One point that’s often talked about is flexibility and total cost of ownership. This is what launched the whole OPAF movement. To be frank, end users were tired of vendor lock-in. It was preventing flexibility and the ability to make changes in their operations. End users felt trapped by the innovation cycle of their DCS vendor, which also came with high costs.
By contrast, open control systems allow users to change in small increments and over time. This can have a big impact on operations—frequent changes with low impact at a fraction of the cost and effort of a legacy DCS.
The open architecture and open standard make the whole system flexible by design. Components are pre-engineered to be interoperable, making it easier to update or enhance the control system throughout the lifecycle of the plant.
How can end users learn more about what's possible with an open system and how they can take steps in that direction?
My first suggestion is to learn more about O-PAS, starting with this video series linked below. Second, I would say, get involved in OPAF - an organization of a lot of smart people working hard at this every week. If you’re engaged, you can find out how you, as an end user or vendor, can benefit from and contribute to the conversations and the resources.
Summary
Change is always difficult.

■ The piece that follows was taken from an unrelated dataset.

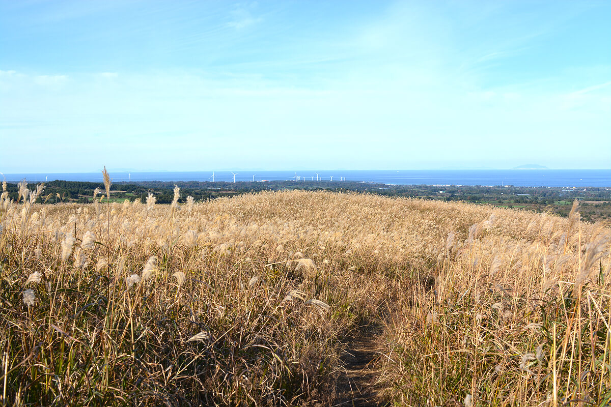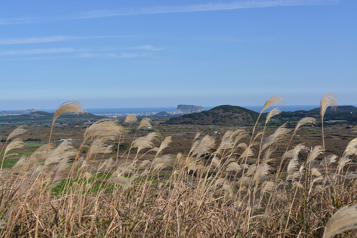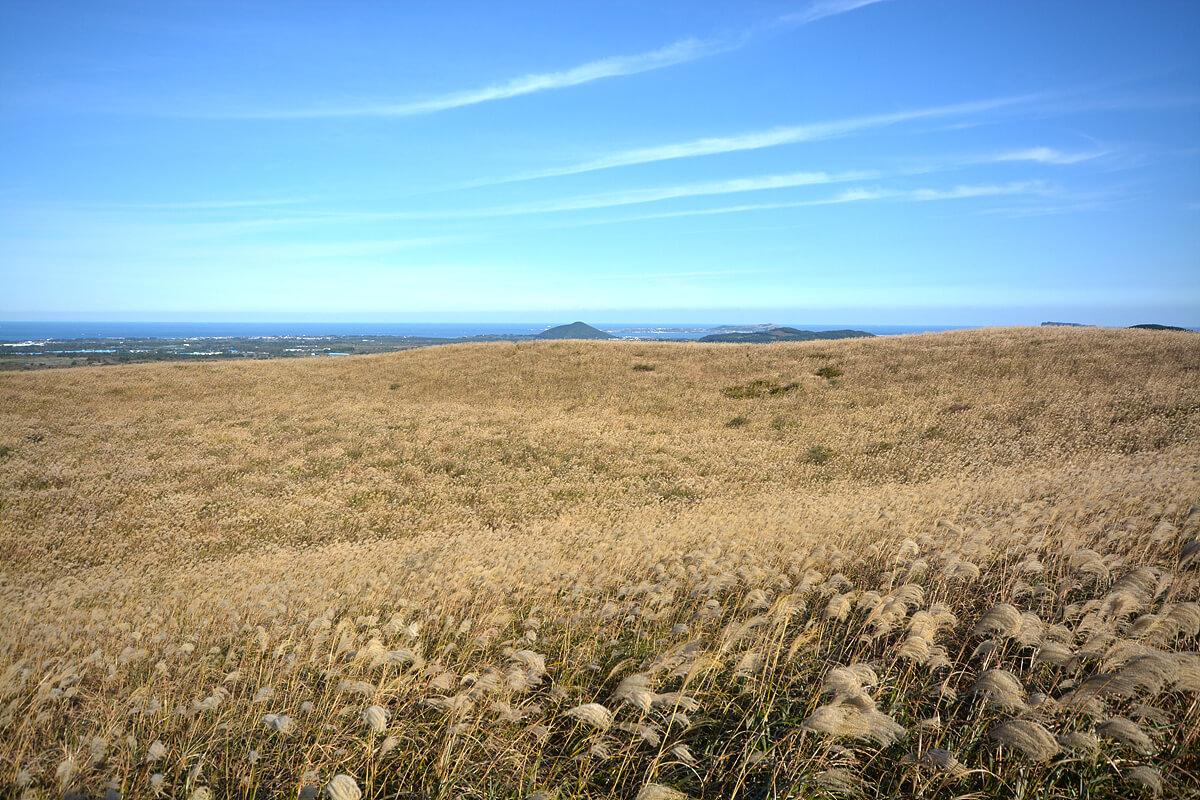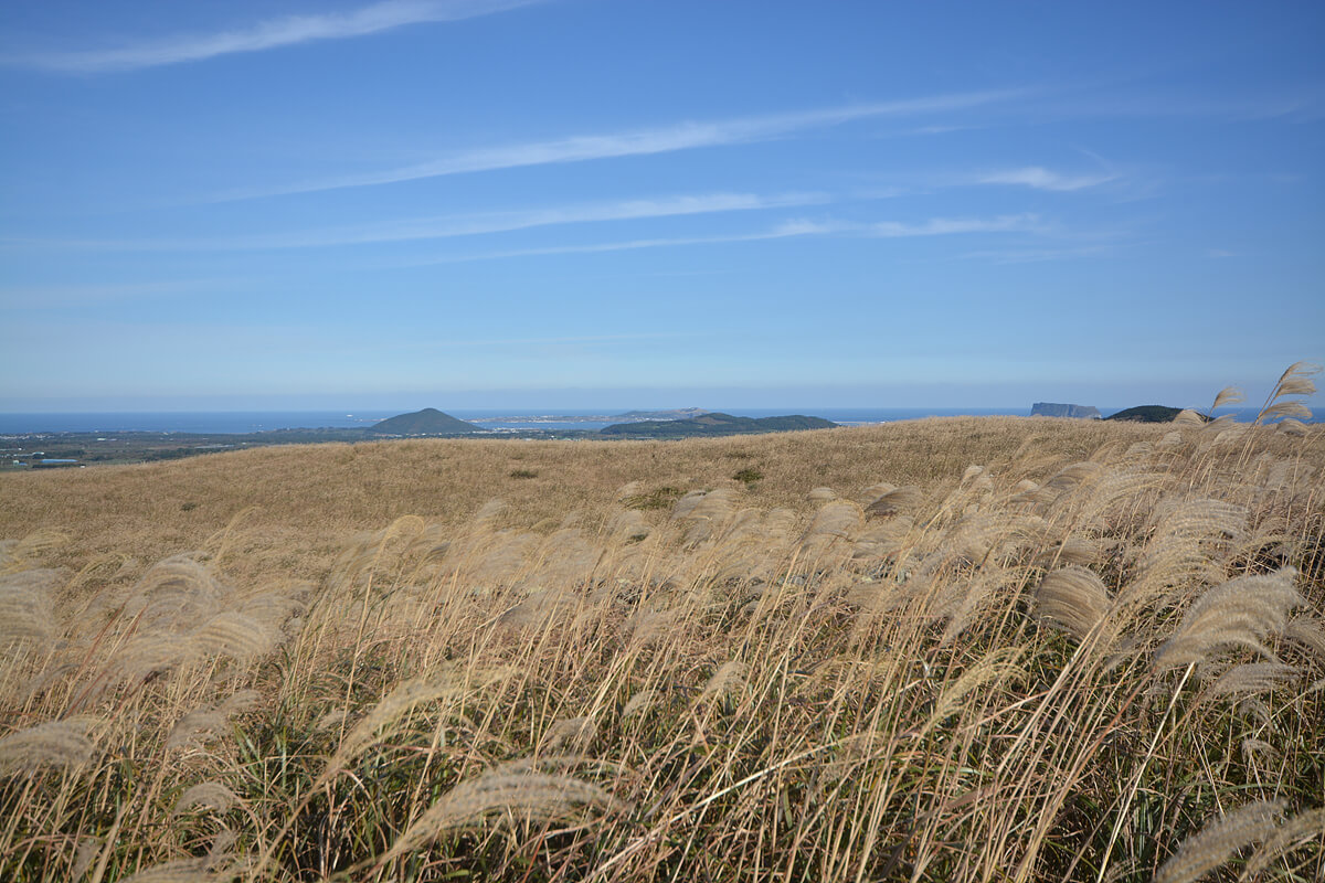 어디를 둘러봐도 온통 억새와 바다 뿐입니다. 그리고 주변에 오름들을 만나실 수 있어요.

Companies have invested a lot of money and time into their systems, their vendor relationships, and to training their people. There’s a lot of inertia and resistance to change when it comes to innovation. What you want to avoid is a situation where innovation is forced upon you, by surprise, as an end user or as an operator. For instance, COVID was a surprise that required innovation in the capabilities of a control system.

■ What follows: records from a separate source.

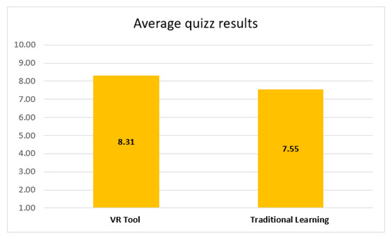 - Efficiency, effectiveness, and high accuracy: The effectiveness of VR-based training was found to be superior to that of traditional classroom training, as demonstrated by a comparison of the exam scores obtained by students who participated in the Workflow Management course using the VR tool, as opposed to those who received instruction in a conventional classroom setting (see Figure 25). The voice recognition feature based on HMM suggests that students can locate information more efficiently compared to manual searching. The usefulness of the HMM was demonstrated by the results obtained in the simulation stage with auto-generated and human voice samples. The confidence level was over 90% for all the simulations (see Figure 15, Figure 16, Figure 17 and Figure 18). Additionally, the quiz proved that voice recognition capability is a good addition for self-learning and knowledge gathering. Using voice recognition technology can save time and reduce the cognitive load on users, as it allows for quick and accurate searches without the need for manual input.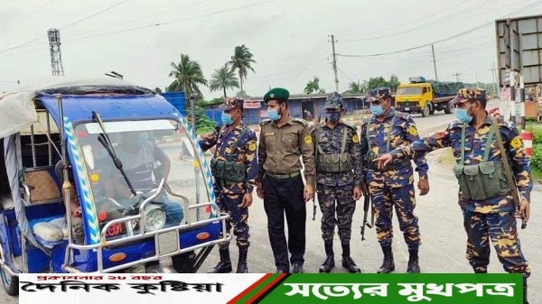 দৈনিক কুষ্টিয়া প্রতিবেদক/ কোভিড-১৯ করোনা ভাইরাস সংক্রমন প্রতিরোধ এবং সরকার ঘোষিত লকডাউন নিশ্চিত করতে প্রশাসনের সঙ্গে সহায়ক হিসেবে একযোগে মাঠে কাজ করছে কুষ্টিয়া জেলা আনসার ও গ্রাম প্রতিরক্ষা বাহিনীর সদস্যরা।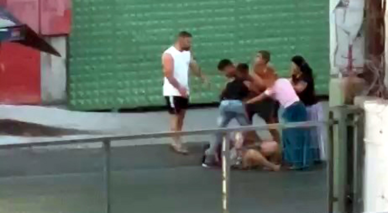 Bir süre sonra kadının darp edildiğini fark eden bir adam grubun yanına geldi. Kadına şiddet gösteren kişi bu kez duruma tepki gösteren adama saldırdı. Sopalar ve taşların konuştuğu kavga anları cep telefonu kamerasına saniye saniye yansıdı. Kadının şiddete uğramasına tepki gösteren adam, bu kez kalabalık grubun hedefi oldu. Bu sırada şiddet gören kadın kaçarak olay yerinden uzaklaşırken, iki taraf arasındaki kavga uzun süre devam etti.

Security by obscurity is not a viable strategy. It’s really no strategy at all and the cost of neglecting to upgrade to a modern, secure ICS will probably far outweigh all the other investment risks that process manufacturers will take.
Advances in software bring changes in the competitiveness of the market and have been known to tilt the balance in two ways:
- Competitive companies have better software. Process engineers may not want to hear this, but companies with better software are going to be a lot more flexible and profitable. An open system will help a company implement better software, faster.
- Top talent follows innovation. Young workers simply are not going to invest in learning legacy equipment, and there’s no more important asset to your company’s future than the talent you’re able to attract.
Smart managers and executives know this. Software, talent, cyber security—it’s all part of this wave of innovation, of how open process automation is transforming industrial control.
How is your company, CPLANE.ai, making a contribution in this space?
CPLANE.ai has partnered with a new company, Collaborative Systems Integration (CSI), in Austin, Texas, founded by Don Bartusiak. We are working to help process manufacturers with this shift to open architecture. We have launched a new initiative that we’re calling “pilot in a box” and we’re working with our first customers now. This pilot comes with:
- A functional control system built on open principles for hands-on training experimentation which is a critical first step
- Step-by-step training at all levels to ease the organizational change
- Technical support to maintain and evolve with new capabilities
The interest we’re seeing is around supporting open ICS systems and overall digital transformation initiatives. The transition to open control systems has already begun, so we are helping industrial manufacturers get started on that journey.